A typical day for Hospice at Home nurse Lucy
8:30 I catch up on any overnight changes by checking emails and messages from yesterday evening’s on-call nurse and the night response team. A patient’s needs can change rapidly, so it’s important to monitor and adapt our care accordingly.
09:00 At the team’s daily virtual meeting we discuss existing patients and new referrals with our doctors. These meetings help us to plan the day’s schedule.
09:30 I return some phone calls to patients who have phoned in over night.
10:00 I set off for my first visit of the day, to a new patient and his daughter. I arrive early, to put on my PPE. We have a long discussion about the home support Princess Alice Hospice can provide. Communicating whilst wearing a face mask can be a challenge, but it’s clear the patient wants to remain at home.

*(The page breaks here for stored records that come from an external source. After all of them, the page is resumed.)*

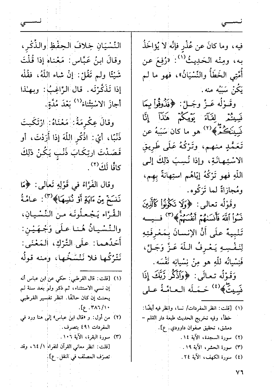 فِيهِ، وَمَا كانَ عَن عُذْرٍ فإنَّه لَا يُؤاخَذُ بِهِ؛ وَمِنْه الحديثُ: (رفِعَ عَن أُمَّتِي الخَطَأ {والنِّسْيان) ، فَهُوَ مَا لم يَكُنْ سَبَبه مِنْهُ؛ وقولُه، عزَّ وجلَّ: {فذُوقُوا بِمَا} نَسِيتُم لِقاءَ يَوْمكم هَذَا إنّا {نسيناكم} هُوَ مَا كانَ سَبَيه عَن تَعَمُّدٍ مِنْهُم، وتَركه على طرِيقِ الاسْتِهانَةِ، وَإِذا نسبَ ذلكَ إِلَى اللهاِ فَهُوَ تَركه إيَّاهم اسْتِهانَةً بهم ومُجازَاةً لمَا تَرَكُوه.
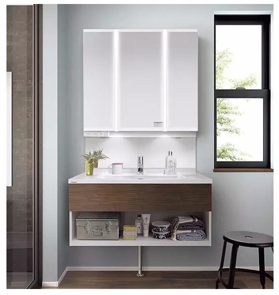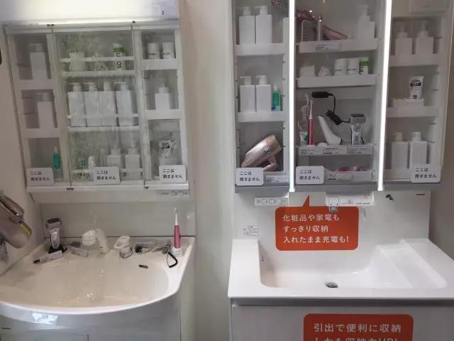 浴室柜除了收納功能,還裝配美容儀器充電插座,可以在不使用的時候及時充電。
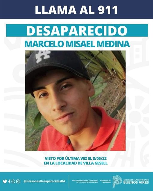 Continúa la búsqueda de Marcelo Misael Medina de 19 años, que se escapó de su casa hace 14 días. Además de los operativos de búsqueda activos en Villa Gesell y el alerta del Ministerio de Seguridad de la Provincia de Buenos Aires, sus familiares y amigos salen todos los días a pegar carteles con su imagen para que toda la gente esté en conocimiento de su desaparición y pueda dar aviso sobre su paradero o datos que lleven a él.
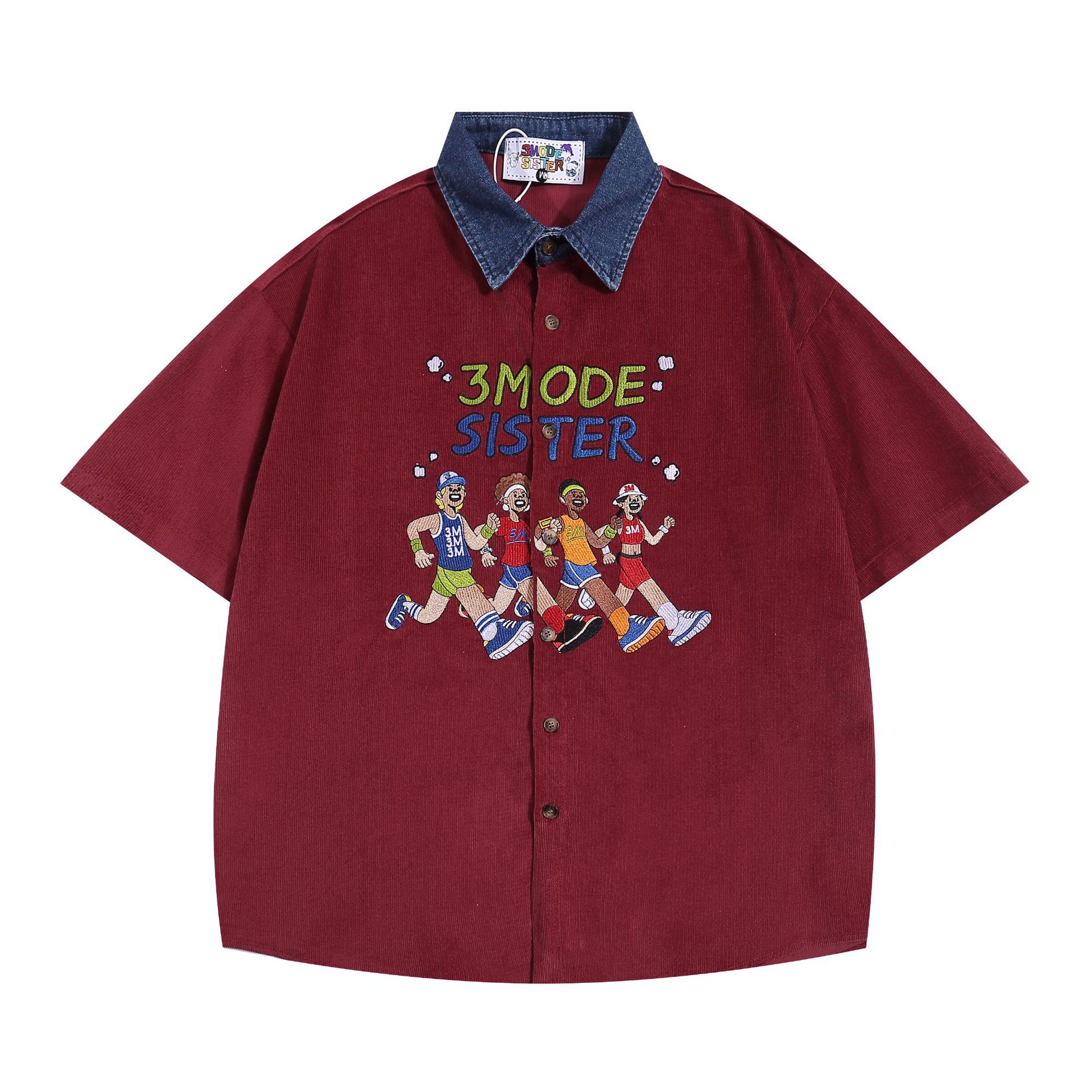 楽しい漫画の文字刺繍コーデュロイ半袖シャツメンズアメリカンレトロルーズカップルカジュアル多用途シャツ
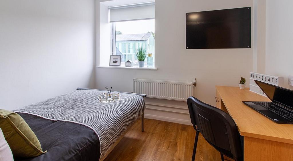 ?Danesgate House, located at 49 Clasketgate, Lincoln, LN2 1LA, offers a variety of student accommodation options designed to cater to diverse preferences. The property features en-suite rooms and studios, each thoughtfully designed with comfortable beds, study areas, ample storage, and modern en-suite bathrooms. Shared flats provide communal kitchens and living areas, fostering a vibrant social environment, while studios offer private kitchenettes for those seeking more independence. The building boasts amenities such as high-speed wired internet (up to 1Gbps), communal lounge, CCTV security, onsite maintenance, and a laundry room. Its central location places residents within walking distance of the University of Lincoln, Lincoln College, and Bishop Grosseteste University, as well as the city's shopping districts, restaurants, and cultural landmarks. This strategic positioning ensures that students have convenient access to both academic institutions and leisure activities, making Danesgate House an ideal choice for student living in Lincoln.
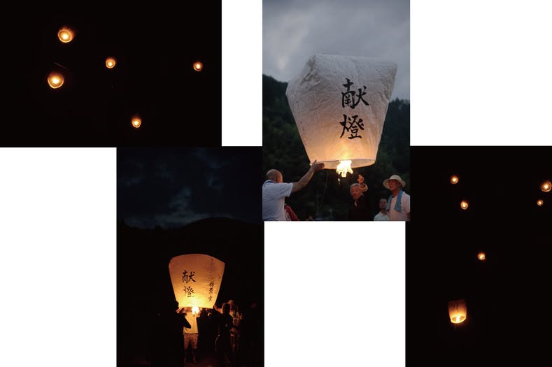 年に1回お盆にだけ開催されるこのお祭りは、亡くなられた故人・ご先祖を偲ぶお祭りであるとともに、魂の灯火にも見える、天高く舞い上がったその燈籠を見た参加者の方々からは
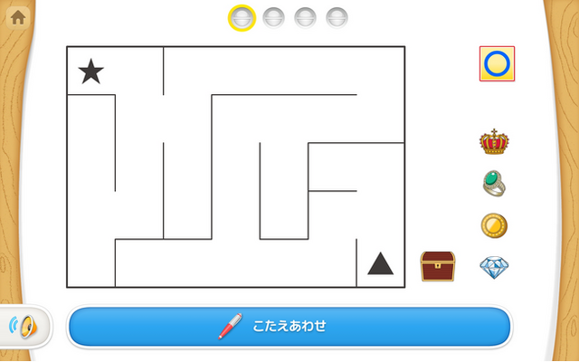 追加コンテンツは、「はじめての めいろ」と「めいろ」の2つのレベルに分かれており、問題後半の難易度は小学校受験レベルとなっています。
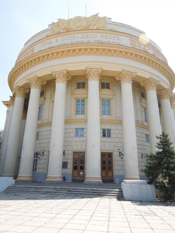И вот мы у цели. Здание с колоннами и с куполом, увенчанное статуей, с двумя фонарями по обе стороны, похожее на театр.
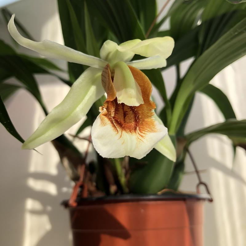 В комнате распустилась Coelogyne Lyme Bay (speciosa x usitana). Ароматная красавица.
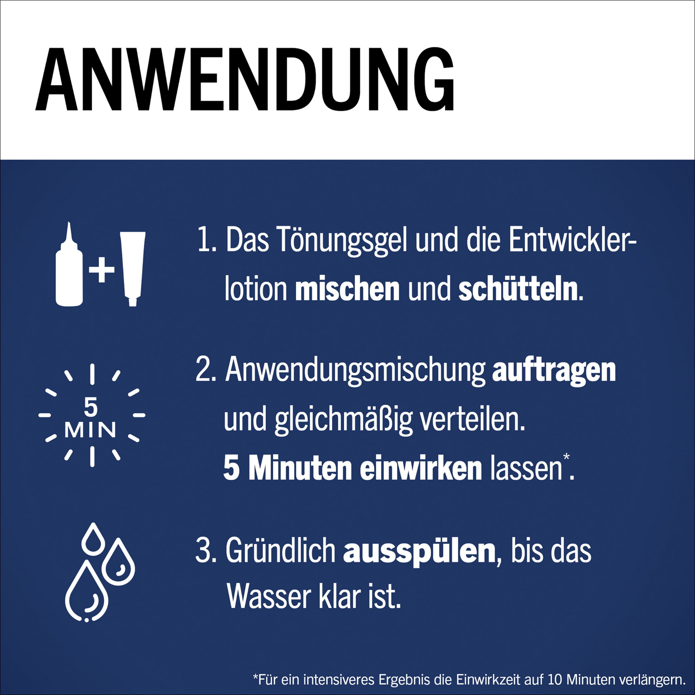 Schnelle & leichte Anwendung: Mischen Sie die Entwicklerlotion mit dem Tönungs-Gel. Tragen Sie die Colorationsmischung mit Hilfe des Speed-Applikators auf. Lassen Sie die Mischung 5 Minuten einwirken. Spülen Sie Ihre Haare gründlich aus.
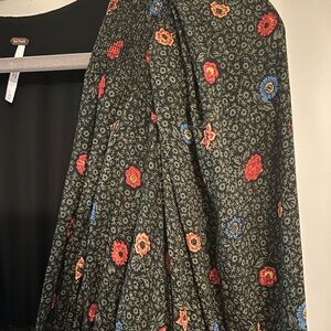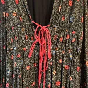 Free People Black and Red Floral Long Sleeve Dress
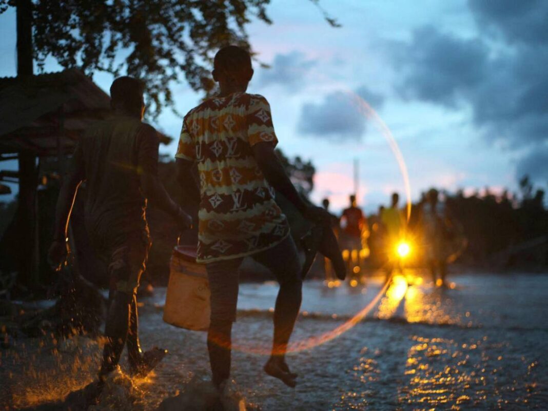 En el exterior, la gente camina en medio de la oscuridad entre las calles anegadas de Petit-Goâve

He and his daughter are relieved to know we’ll do our absolute best to support them to do so, and make sure that the coming weeks are as comfortable as possible. Later on today, I will refer this patient to our occupational therapy team. They will assess his needs for equipment, allowing him to remain independent and safe at home. The patient’s daughter is struggling and would like some emotional support from one of our social workers. Lockdown has made a difficult time even harder for families, as friends and relatives can’t pop in. She feels guilty for not being able to visit as much as she would like, so I suggest matching her Dad with a ‘compassionate neighbour’ – a trained volunteer who lives locally who can help with things like shopping. Before I leave, I tell them I’ll phone in a few days. They’re relieved when I give them our 24-hour phone number and reassure them they can call, whatever the hour.
11.30 Next I call on a patient living alone who phoned overnight worried about breathlessness. Upon arrival I re-apply PPE on the doorstep. It’s clear my patient is anxious and in some discomfort, so we discuss adjusting her medication to relieve the symptoms. She agrees to join our weekly virtual breathlessness support group. Wellbeing groups like these used to be in person at the Hospice but we’ve adapted to keep everyone safe.
12.30 Having removed my PPE before leaving the patient’s home, I check my messages before driving home. I respond to an email from a Royal Marsden Nurse Specialist about a patient who is being referred to us from hospital, saying I can visit the patient at home tomorrow afternoon.
13:00 Just time for a quick shower at home – we all do this now to reduce the spread of coronavirus.
13:15 I join a virtual meeting with a local GP and district nurse. It’s useful to share notes and arrange support for each patient as everyone is so busy during this pandemic. I squeeze in a cup of coffee and some soup during the meeting.
14:00 Another virtual meeting – this time with the manager of a local nursing home about a patient who is unwell but doesn’t want to go to hospital. I speak with the patient and in liaison with the nursing home and the patient’s family I agree to contact their GP and arrange a new prescription.
15:00 I complete a referral form for the patient I visited this morning – for both the occupational therapy team and our social worker. I then phone a couple of my patients to see how they’re doing. That reassurance really makes a difference.
17:30 I usually finish work around now but today I’m on call until 9pm, ready to advise and support anyone who contacts us during the evening – being there for them, whatever the time, means so much.
21:00 I hand over to the night response nurses. It’s great to know that they’re there to support patients at home as most people’s anxiety is worse at night time, when it’s quiet and dark. I handover a couple of patients who may need calls or visits overnight. My day is over, but it’s hard to switch off!